1. Tongs. I must have my tongs. I own two sets and will only take one with me. So, I think I will take the longer ones. They are useful for turning meat over, grabbing things out of boiling water, and getting things out of tall cupboards so they need to come along.
2. Wooden scraper. I use this thing almost every time I cook in my cast iron (which is almost every time I cook). It’s great for getting those yummy brown bits off the bottom of the pan into whatever sauce I’m making. It’s gentle on the surface of my one non-stick skillet. I replace it every time it gets tired-looking so it is a necessary part of the permanent collection.
3. Wooden spoon. Not even optional. Stirring.
4. Ladle. I love making soup. I usually keep my freezer full of chicken stock so that I can make rich, thick, warm soups all winter and fresh, vegetable-y soups all spring and summer. You can’t have soup without a ladle to get that lovely broth into your bowl!
5. Serving spoon. Being able to scoop a sauce out of a pan and drizzle it gently over a steak or a pork chop is one of the joys of cooking! You need a large spoon to do it with.
6. Silicone scraper. I don’t like to waste food, so this is a necessity. I carefully measure and plan my recipes, so I need every morsel to make it into the final product.

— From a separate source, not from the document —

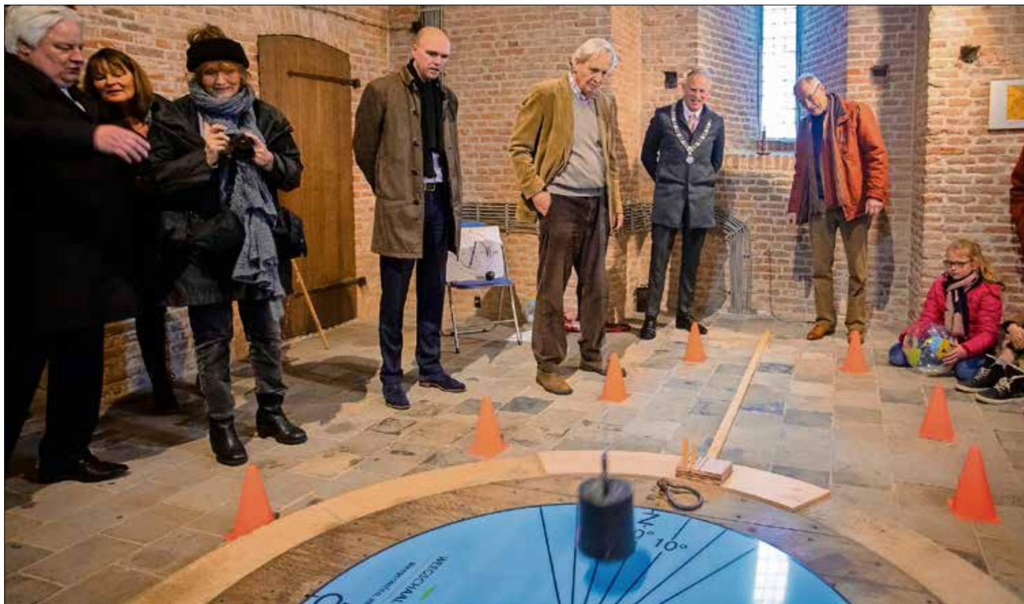
Met grote belangstelling werd gekeken hoe de slinger over de windroos ging.

When dealing with sticky dough or batter (or marshmallow goo) it’s important to have a heavy-duty scraper to move that stuff around!
7. Slotted spoon. I make a lot of stock and this is helpful for getting the big chunks of bone and vegetables out of the stock before straining. It’s also good for getting bacon bits and sautéed mushrooms out of a pan so you can use the flavorful fat to sauté other lovely vegetables.
8. Can opener. I don’t eat a lot of stuff that comes out of a can. Except cranberry sauce. I do like a good turkey sandwich on whole wheat bread with cranberry sauce. I make homemade for the holidays but do buy the little cans for the rest of the year. I also sometimes feed Snickers some canned pumpkin if he gets an upset tummy, so I guess the can opener will move into the little kitchen.
9. Whisk. I originally had something else on this list but when I went to take everything else out of the utensil jar I realized that I forgot the whisk! I had to take the zester off the list (it’ll go on another list because I can’t live without my zester)! It’s impossible to make a smooth sauce or roux without having a good, sturdy whisk. Scrambled eggs with a fork always end up with bits of white floating around and there’s no way to get egg whites fluffy with a fork.
10. Pastry brush. Adding a little spicy or sweet glaze to a piece of chicken as it roasts on the grill or in the oven is a good way to finish an otherwise boring piece of meat. While it can be done with a spoon, the more even coverage from a silicone brush makes for a more beautiful presentation.
This is the list of ten items that I am going to keep in my tiny kitchen. I will give more information about the tiny plan coming to fruition in the next few months, but this is the first step in the process. I am going to take everything except these ten items out of the kitchen for the next month and see how it goes with only these ten things. If it works, I’ll keep this list. If I need to add a few, I’ll keep you posted!